RAW DATA

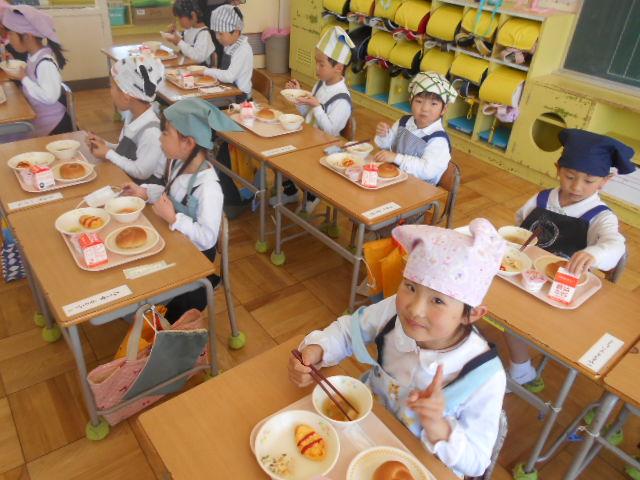 初めての給食は、「おいしいかった!」という感想がたくさん聞かれました。
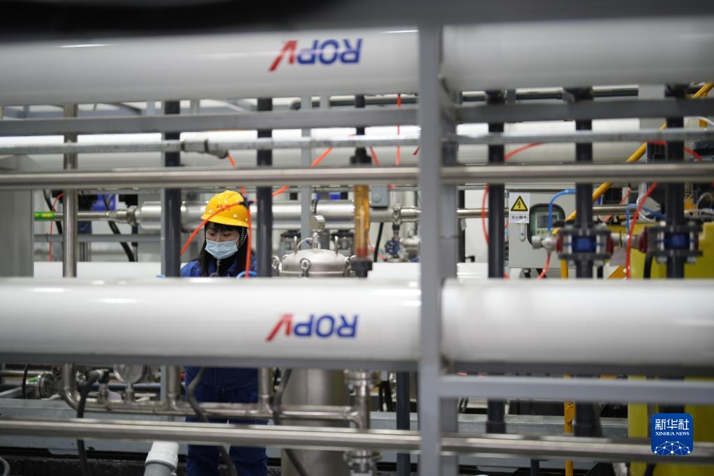4月13日,工作人員在唐山冀東啟新水泥有限責任公司滲液處理站內查看水凈化設備運行情況。該處理站可將生活垃圾產(chǎn)生的滲濾液經(jīng)處理后轉化為工業(yè)用水。
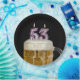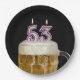 Lit birthday candles in mug of beer on black for 53rd birthday.

WHAT YOU NEED TO DO
Write out all of the data above exactly, without any of its pictures.

EXERCISE SOLUTION
 初めての給食は、「おいしいかった!」という感想がたくさん聞かれました。
4月13日,工作人員在唐山冀東啟新水泥有限責任公司滲液處理站內查看水凈化設備運行情況。該處理站可將生活垃圾產(chǎn)生的滲濾液經(jīng)處理后轉化為工業(yè)用水。
 Lit birthday candles in mug of beer on black for 53rd birthday.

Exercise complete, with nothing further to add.